At some point I want to multiply the off-diagonal terms in the system of equations by a function of the radius $r$. This will not be exactly solvable. Hence, I would like to understand how to numerically solve these equations in Mathematica before I make the equations more difficult.

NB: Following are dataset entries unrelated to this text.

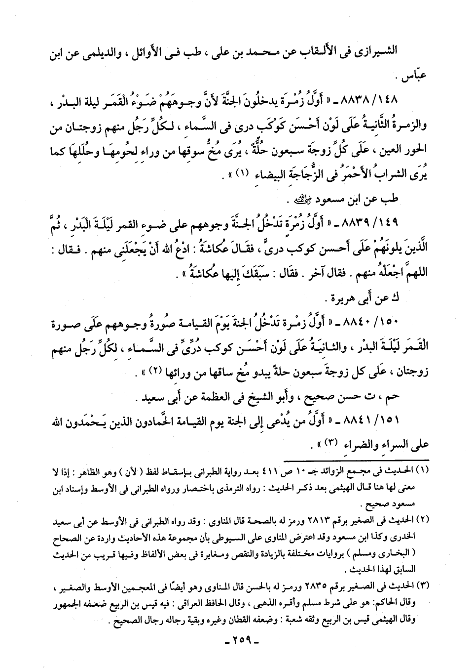 150/ 8840 - "أَوَّلُ زُمْرة تَدْخُلُ الجنَّةَ يَوْمَ القيامة صُورةُ وجوههم عَلَى صورة الْقَمَر لَيْلَةَ البدْر، والثانِيَة عَلَى لَوْن أَحْسَن كوكب دُرِّىِّ في السَّماء، لكُلِّ رَجُل منهم زوجتان، عَلى كل زوجةَ سبعون حلةً يبدو مُخ ساقها من ورائِها (¬2) ".
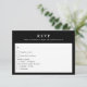 Diese elegante RSVP-Karte zeichnet sich durch ein ausgeklügeltes Schwarz-Weiß-Design aus, das sich perfekt für eine moderne und zeitlose Hochzeitsästhetik eignet. Die Vorderseite zeigt eine klassische UAWG mit raffinierter Serifentypografie, die es den Gästen ermöglicht, bei der Auswahl ihrer Speisen einfach zu antworten. Die Rückseite zeigt ein minimalistisches botanisches Monogramm mit den Initialen des Paares und dem Hochzeitstag, und fügt eine persönliche und stilvolle Touch hinzu. Das stilvolle Schwarz-Weiß-Design schafft ein elegantes und luxuriöses Ambiente. Ideal für formelle, moderne oder klassische Hochzeiten, sorgt diese RSVP-Karte für ein glänzendes und einheitliches Aussehen Ihrer Hochzeitsstiftung.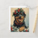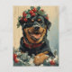 Wishing you a festive season filled with joy and warmth! This Christmas card features a loveable Rottweiler, donning a Santa hat with a twinkle in its eye. The playful canine spirit brings a touch of holiday cheer, promising a season of merriment and tail-wagging happiness. Share in the joy as this festive friend spreads Christmas magic, making your celebrations extra special.

The code I have up to now, is the following:

BdGplot[E1_, Bc1_, m1_] :=
  Module[{E = E1, Bc = Bc1, m = m1}, {btc = 50,

  k = Sqrt[2]*Sqrt[-1 + Sqrt[1 + E^2]],
  uw = -(2 /(2 + k^2 - 2E)),
  ub[r_] := (2/Pi)^(1/2)*uw*Cos[k*r - m*Pi/2 - Pi/4],
  vb[r_] := (2/Pi)^(1/2)*Cos[k*r - m*Pi/2 - Pi/4],

  s = NDSolve[{((1/4 - m^2)/r^2 + 2 (-1 + E)) u[r] - 
    2 v[r] + u''[r] == 0, -2 u[r] + ((1/4 - m^2)/r^2 - 2(1 + E)) v[r] + v''[r] == 0, u[Bc] == ub[Bc], u'[Bc] == ub'[Bc], v[Bc] == vb[Bc], v'[Bc] == vb'[Bc]}, {u,v}, {r, 1/1000, btc}]};

 Plot[Evaluate[{u[r]/(uw*Sqrt[r]), v[r]/Sqrt[r], 
 BesselJ[m, k*r]} /. s], {r, 0.001, btc}, 
 PlotRange -> {{0, btc}, {-2, 2}}, PlotStyle -> {Red, Blue, Orange}]
 ]

The idea is to give boundary conditions at large distance $r$ which are the asymptotic values of the m-th Bessel functions (in the more difficult case, the boundary conditions will be similar). Subsequently I let Mathematica numerically integrate the equations to a small radius $r=0.001$, such that it does not run into trouble at $r=0$.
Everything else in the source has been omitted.